I am trying to show the theorem below but I am stuck on how to show $\phi$ is surjective.
Theorem: Let $X$ be a normed space and let $Y$ be a proper dense linear subspace of $X$. Then $Y^*\cong X^*$.
And I believe we need this lemma:
Lemma: Let $X$ be a normed space and let $Y$ be a dense linear subspace of $X$. Let $f\in Y^*$. Then there exists a unique $g\in X^*$ such that $g|_Y=f$ and $\|f\|=\|g\|$.

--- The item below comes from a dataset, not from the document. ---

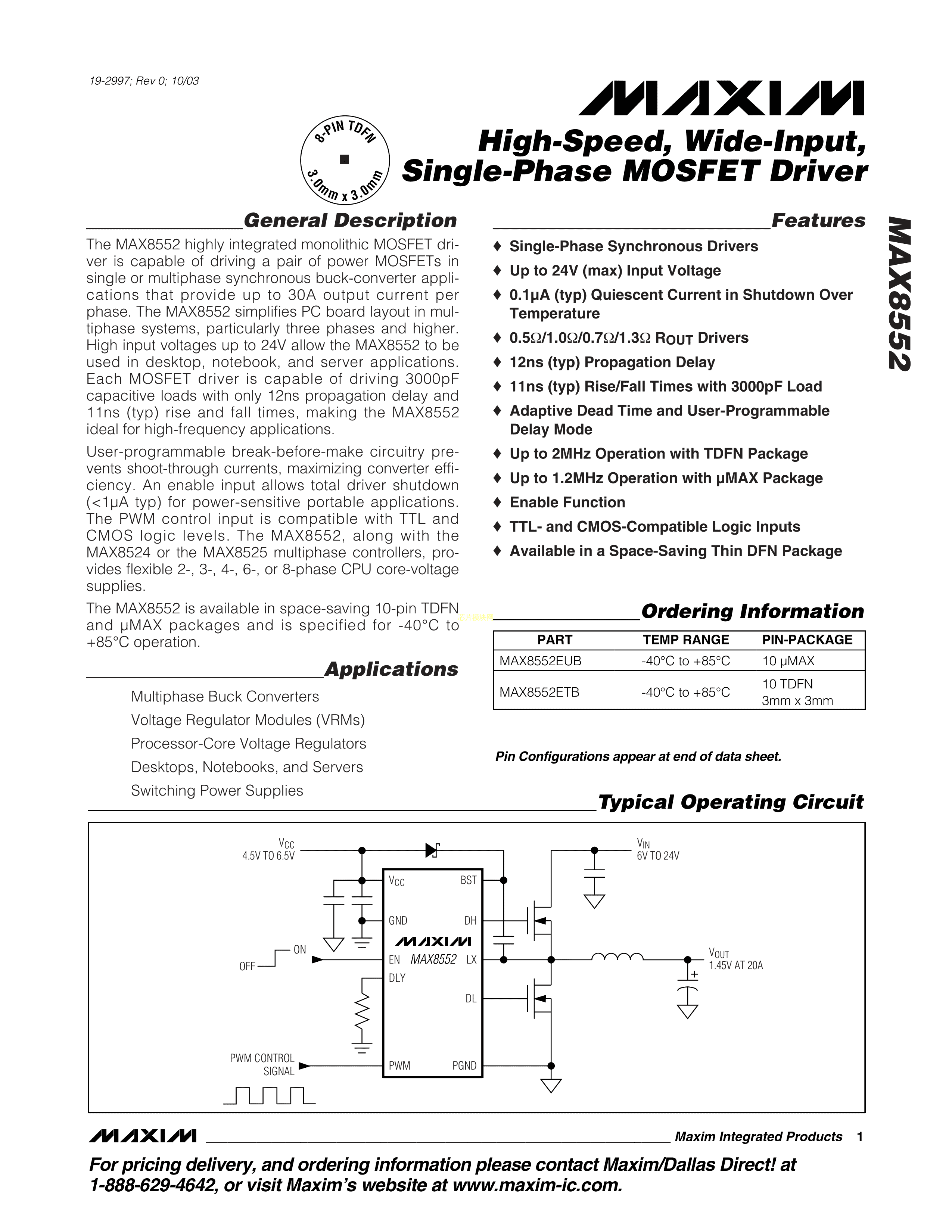 MAX8552EUB+数据手册uMAX-10封装MAXIM(美信)PDF规格书,中英文下载

My attempt is : For all $f\in Y^*$, by the lemma above, there exist a unique $g\in X^*$ such that $g|_Y=f$ and $\|f\|=\|g\|$. Define $\phi:Y^*\rightarrow X^*$ by $\phi(f)=g$. Then $\phi$ is well defined since for all $f\in Y^*$, there exist a unique $g\in X^*$ such that $\phi(f)=g$. To show $Y^*\cong X^*$, we only need to show that $\phi:Y^*\rightarrow X^*$ is a surjective linear isometry. Let $f_1,f_2\in Y^*$ and $\alpha\in\mathbb{F}$. Then $f_1+\alpha f_2\in Y^*$ since $Y$ is a linear subspace of $X$. By the lemma above, there exist $g_1,g_2\in X^*$ such that $g_1|_Y=f_1$, $g_2|_Y=f_2$ and $(g_1+\alpha g_2)|_Y=f_1+\alpha f_2$. We have $\phi(f_1+\alpha f_2)=g_1+\alpha g_2=\phi(f_1)+\alpha \phi(f_2)$. Hence, $\phi$ is linear. By the lemma above, there exist a unique $g\in X^*$ such that $\|f\|=\|g\|$. Hence, $\phi$ is an isometry.
How to show $\phi$ is surjective and is my proof of the rest is ok?
Thank you in advance!!
Surjectivity. Consider $g\in X^*$, and $f=g_{\mid Y}, f\in Y^*$, there exists a unique $h\in X^*$ such that $h_{\mid Y}=f=g_{\mid Y}$, this implies that $h=g$ and $h=\phi(f)=g$.